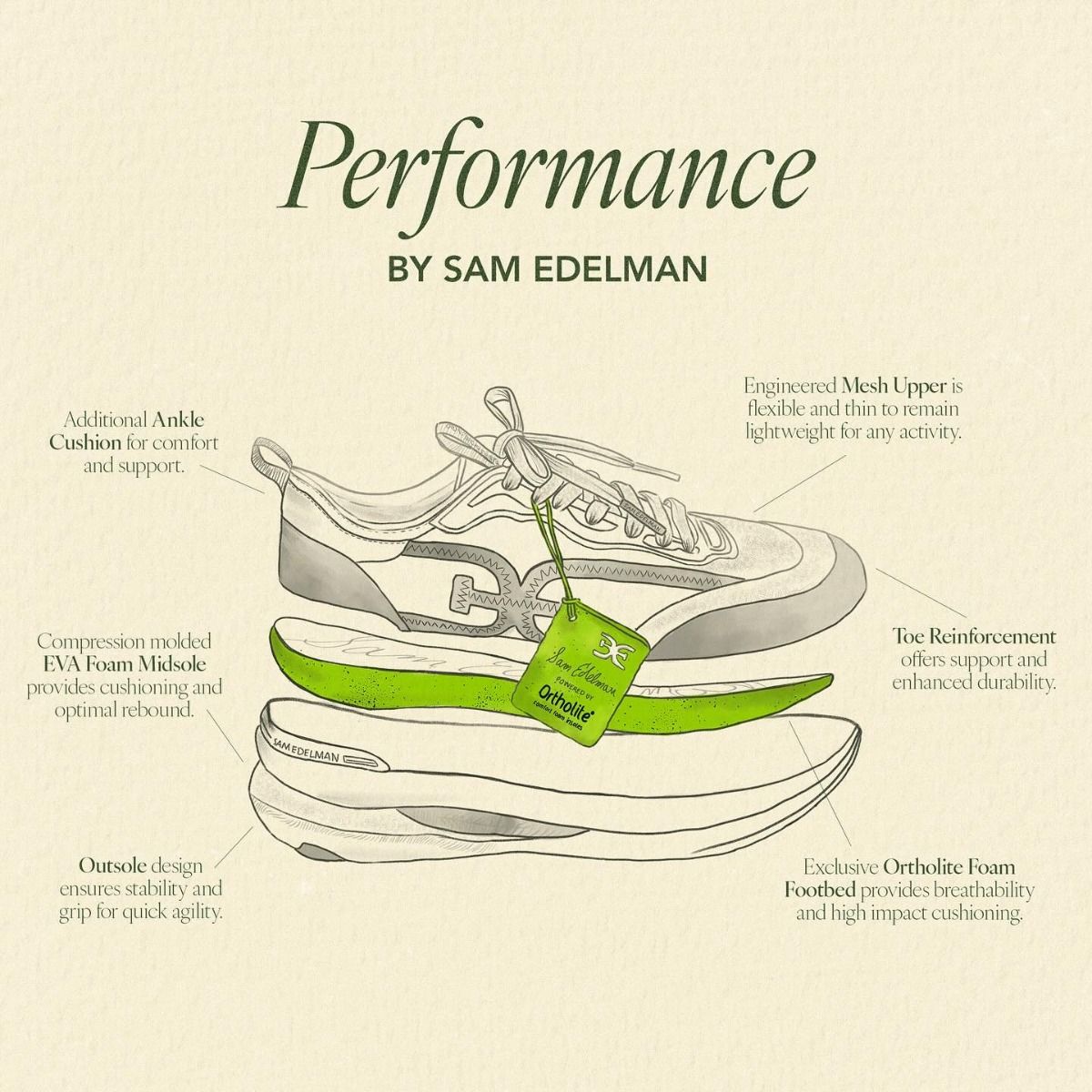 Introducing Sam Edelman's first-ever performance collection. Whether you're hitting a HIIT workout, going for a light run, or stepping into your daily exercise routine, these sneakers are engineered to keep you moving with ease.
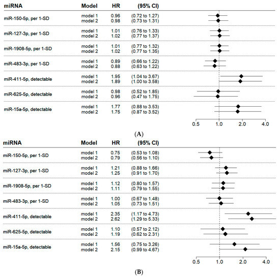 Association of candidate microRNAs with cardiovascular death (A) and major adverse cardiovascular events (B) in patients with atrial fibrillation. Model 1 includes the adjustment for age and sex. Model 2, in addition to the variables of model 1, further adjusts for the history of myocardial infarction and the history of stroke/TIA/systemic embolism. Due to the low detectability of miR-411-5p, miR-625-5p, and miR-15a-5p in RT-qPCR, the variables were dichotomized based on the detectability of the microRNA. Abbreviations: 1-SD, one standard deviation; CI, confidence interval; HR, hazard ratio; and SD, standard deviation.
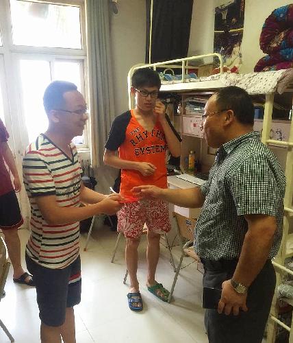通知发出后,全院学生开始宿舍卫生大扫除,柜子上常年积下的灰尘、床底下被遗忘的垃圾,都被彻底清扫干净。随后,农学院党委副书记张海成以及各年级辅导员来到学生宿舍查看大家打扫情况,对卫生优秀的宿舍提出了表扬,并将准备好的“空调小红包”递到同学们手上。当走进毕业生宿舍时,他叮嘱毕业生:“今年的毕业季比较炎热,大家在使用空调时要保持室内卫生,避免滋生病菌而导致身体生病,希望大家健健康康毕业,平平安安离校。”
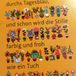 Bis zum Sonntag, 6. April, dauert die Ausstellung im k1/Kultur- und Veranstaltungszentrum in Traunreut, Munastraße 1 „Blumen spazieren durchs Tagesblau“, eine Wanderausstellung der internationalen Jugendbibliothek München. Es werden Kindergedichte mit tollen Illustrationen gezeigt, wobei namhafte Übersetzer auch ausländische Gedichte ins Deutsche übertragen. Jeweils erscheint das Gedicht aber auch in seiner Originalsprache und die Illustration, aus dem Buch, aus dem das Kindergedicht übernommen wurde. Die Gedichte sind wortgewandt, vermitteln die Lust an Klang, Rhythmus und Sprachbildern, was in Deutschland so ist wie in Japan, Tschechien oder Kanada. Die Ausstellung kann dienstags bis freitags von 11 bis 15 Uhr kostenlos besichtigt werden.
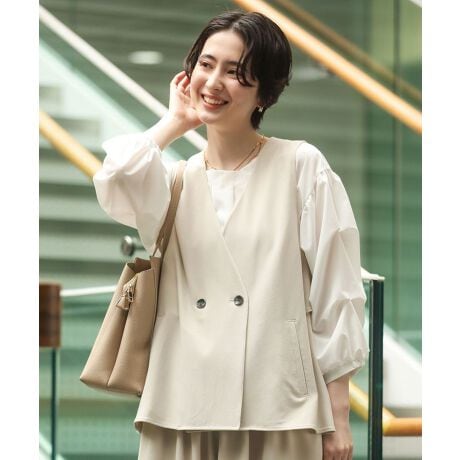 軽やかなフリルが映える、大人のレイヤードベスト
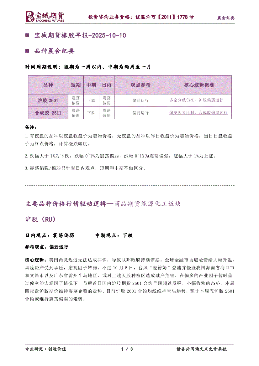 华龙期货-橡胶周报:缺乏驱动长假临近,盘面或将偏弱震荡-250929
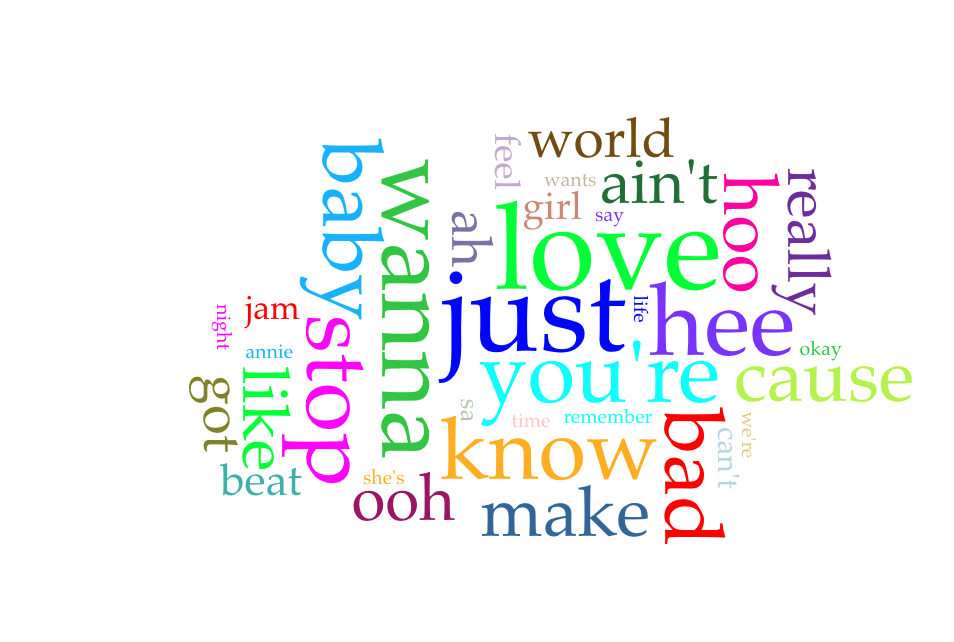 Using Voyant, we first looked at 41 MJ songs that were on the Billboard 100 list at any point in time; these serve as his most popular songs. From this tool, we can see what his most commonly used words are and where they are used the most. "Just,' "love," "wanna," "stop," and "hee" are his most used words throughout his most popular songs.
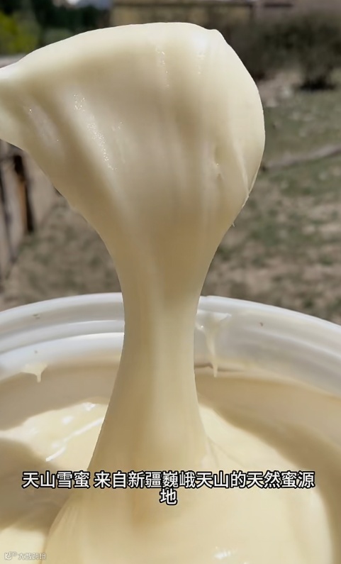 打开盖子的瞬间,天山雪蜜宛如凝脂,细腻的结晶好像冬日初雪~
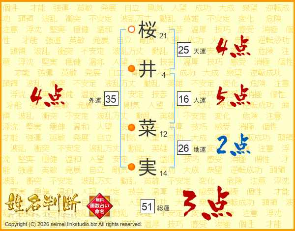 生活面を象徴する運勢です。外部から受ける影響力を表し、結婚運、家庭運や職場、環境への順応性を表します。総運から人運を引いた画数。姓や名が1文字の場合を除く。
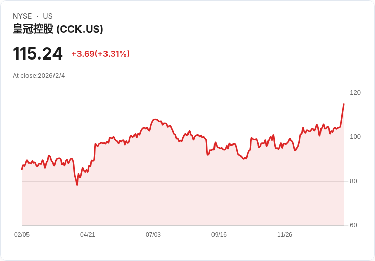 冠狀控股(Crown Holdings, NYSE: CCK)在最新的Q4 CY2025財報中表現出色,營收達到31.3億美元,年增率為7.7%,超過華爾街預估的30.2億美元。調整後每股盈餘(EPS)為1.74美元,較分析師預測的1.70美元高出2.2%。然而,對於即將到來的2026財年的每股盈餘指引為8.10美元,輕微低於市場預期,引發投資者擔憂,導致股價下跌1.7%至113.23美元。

◆ Exercise aim ◆
Print every entry exactly as written, without the pictures.

◆ Answer section ◆
 Introducing Sam Edelman's first-ever performance collection. Whether you're hitting a HIIT workout, going for a light run, or stepping into your daily exercise routine, these sneakers are engineered to keep you moving with ease.
 Association of candidate microRNAs with cardiovascular death (A) and major adverse cardiovascular events (B) in patients with atrial fibrillation. Model 1 includes the adjustment for age and sex. Model 2, in addition to the variables of model 1, further adjusts for the history of myocardial infarction and the history of stroke/TIA/systemic embolism. Due to the low detectability of miR-411-5p, miR-625-5p, and miR-15a-5p in RT-qPCR, the variables were dichotomized based on the detectability of the microRNA. Abbreviations: 1-SD, one standard deviation; CI, confidence interval; HR, hazard ratio; and SD, standard deviation.
通知发出后,全院学生开始宿舍卫生大扫除,柜子上常年积下的灰尘、床底下被遗忘的垃圾,都被彻底清扫干净。随后,农学院党委副书记张海成以及各年级辅导员来到学生宿舍查看大家打扫情况,对卫生优秀的宿舍提出了表扬,并将准备好的“空调小红包”递到同学们手上。当走进毕业生宿舍时,他叮嘱毕业生:“今年的毕业季比较炎热,大家在使用空调时要保持室内卫生,避免滋生病菌而导致身体生病,希望大家健健康康毕业,平平安安离校。”
 Bis zum Sonntag, 6. April, dauert die Ausstellung im k1/Kultur- und Veranstaltungszentrum in Traunreut, Munastraße 1 „Blumen spazieren durchs Tagesblau“, eine Wanderausstellung der internationalen Jugendbibliothek München. Es werden Kindergedichte mit tollen Illustrationen gezeigt, wobei namhafte Übersetzer auch ausländische Gedichte ins Deutsche übertragen. Jeweils erscheint das Gedicht aber auch in seiner Originalsprache und die Illustration, aus dem Buch, aus dem das Kindergedicht übernommen wurde. Die Gedichte sind wortgewandt, vermitteln die Lust an Klang, Rhythmus und Sprachbildern, was in Deutschland so ist wie in Japan, Tschechien oder Kanada. Die Ausstellung kann dienstags bis freitags von 11 bis 15 Uhr kostenlos besichtigt werden.
 軽やかなフリルが映える、大人のレイヤードベスト
 华龙期货-橡胶周报:缺乏驱动长假临近,盘面或将偏弱震荡-250929
 Using Voyant, we first looked at 41 MJ songs that were on the Billboard 100 list at any point in time; these serve as his most popular songs. From this tool, we can see what his most commonly used words are and where they are used the most. "Just,' "love," "wanna," "stop," and "hee" are his most used words throughout his most popular songs.
 打开盖子的瞬间,天山雪蜜宛如凝脂,细腻的结晶好像冬日初雪~
 生活面を象徴する運勢です。外部から受ける影響力を表し、結婚運、家庭運や職場、環境への順応性を表します。総運から人運を引いた画数。姓や名が1文字の場合を除く。
 冠狀控股(Crown Holdings, NYSE: CCK)在最新的Q4 CY2025財報中表現出色,營收達到31.3億美元,年增率為7.7%,超過華爾街預估的30.2億美元。調整後每股盈餘(EPS)為1.74美元,較分析師預測的1.70美元高出2.2%。然而,對於即將到來的2026財年的每股盈餘指引為8.10美元,輕微低於市場預期,引發投資者擔憂,導致股價下跌1.7%至113.23美元。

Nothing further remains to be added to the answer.